Meisner was friendly with the German journalist Paul Badde, and just after the conclave told him: “Today I fought as never before in my life.” Badde says that it was Meisner who “had, during the conclave, uncovered and thwarted a plot by the so-called St Gallen group against that same election [of Joseph Ratzinger]”. The St Gallen group had tried to elect a progressive pope in 2005; Jorge Mario Bergoglio was blocked then, but not eight years later.

Meisner tried, maybe more than once, to persuade Benedict XVI to change his secretary of state, Cardinal Tarcisio Bertone. “He looked straight in my eyes,” Meisner recalled, “and told me: ‘Bertone remains. Enough! Enough! Enough!’ After this episode I never touched on this issue again.” Meisner concluded that “this is typical of the Ratzingers: they are loyal people. It is a behaviour which does not make their life easier.”

Meisner was shocked when he learned of Benedict’s resignation. He was against it.

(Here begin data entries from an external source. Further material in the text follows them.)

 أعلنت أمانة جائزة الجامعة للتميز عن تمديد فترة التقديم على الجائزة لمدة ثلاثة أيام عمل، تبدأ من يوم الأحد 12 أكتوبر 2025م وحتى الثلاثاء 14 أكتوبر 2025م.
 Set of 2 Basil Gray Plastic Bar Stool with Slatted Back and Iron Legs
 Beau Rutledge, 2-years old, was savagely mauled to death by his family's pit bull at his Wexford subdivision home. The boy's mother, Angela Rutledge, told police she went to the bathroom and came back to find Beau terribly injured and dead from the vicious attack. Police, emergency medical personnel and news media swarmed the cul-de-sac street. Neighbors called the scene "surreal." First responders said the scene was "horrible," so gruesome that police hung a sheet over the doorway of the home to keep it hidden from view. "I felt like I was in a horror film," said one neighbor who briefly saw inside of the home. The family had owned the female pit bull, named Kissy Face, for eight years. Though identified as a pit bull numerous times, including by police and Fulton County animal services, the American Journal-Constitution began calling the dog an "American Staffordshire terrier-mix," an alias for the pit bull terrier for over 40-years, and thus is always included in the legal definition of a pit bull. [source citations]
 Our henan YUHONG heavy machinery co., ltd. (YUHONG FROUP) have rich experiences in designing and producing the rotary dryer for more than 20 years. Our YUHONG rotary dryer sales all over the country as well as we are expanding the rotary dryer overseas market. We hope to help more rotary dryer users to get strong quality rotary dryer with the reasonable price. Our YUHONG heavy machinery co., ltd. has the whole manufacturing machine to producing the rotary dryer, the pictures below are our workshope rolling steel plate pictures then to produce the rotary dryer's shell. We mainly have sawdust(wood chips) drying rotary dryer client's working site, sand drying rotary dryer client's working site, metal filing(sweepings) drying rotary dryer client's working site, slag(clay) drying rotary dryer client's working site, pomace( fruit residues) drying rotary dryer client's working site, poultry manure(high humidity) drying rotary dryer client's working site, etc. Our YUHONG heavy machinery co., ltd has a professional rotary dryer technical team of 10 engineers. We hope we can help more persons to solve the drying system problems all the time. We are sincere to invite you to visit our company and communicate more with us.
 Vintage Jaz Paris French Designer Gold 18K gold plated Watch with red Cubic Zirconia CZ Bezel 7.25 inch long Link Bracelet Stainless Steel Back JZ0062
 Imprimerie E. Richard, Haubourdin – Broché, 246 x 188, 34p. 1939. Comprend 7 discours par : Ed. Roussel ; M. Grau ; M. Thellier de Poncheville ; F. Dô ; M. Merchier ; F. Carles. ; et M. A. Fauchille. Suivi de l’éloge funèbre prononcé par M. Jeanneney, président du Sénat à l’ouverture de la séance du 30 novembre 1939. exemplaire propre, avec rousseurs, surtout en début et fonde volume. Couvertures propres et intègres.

But some say that later, when he met the retired pope and realised how weak and worn out he was, he changed his view.

Meisner had a great devotion to Mary and a positive impression of the spiritual fruits of Medjugorje. When Benedict XVI appointed a commission, led by Cardinal Camillo Ruini, to examine the phenomenon, he advised the pope to be prudent. “Look, Joseph, this is the world’s confessional box,” he told him.

Then came the election of Francis and the dubia, the five questions submitted to the Pope about his document Amoris Laetitia by Meisner and three other cardinals. When you consider Meisner’s history of loyalty to the pontiff and the Church, you realise how deeply he must have been concerned by Amoris Laetitia.

Cardinal Müller has given an account of the cardinal’s last night on earth. He spoke to him by phone in Bad Füssing, where the ageing cardinal was on holiday.

Müller told him that the Pope had decided not to renew his appointment as prefect of the Congregation for the Doctrine of Faith. Meisner was “deeply saddened” by the news. “That moved him personally and wounded him, and he considered it to be a form of damage for the Church,” Müller said. Later that evening, with his Breviary open before him, Meisner passed away. He would have been 84 this Christmas.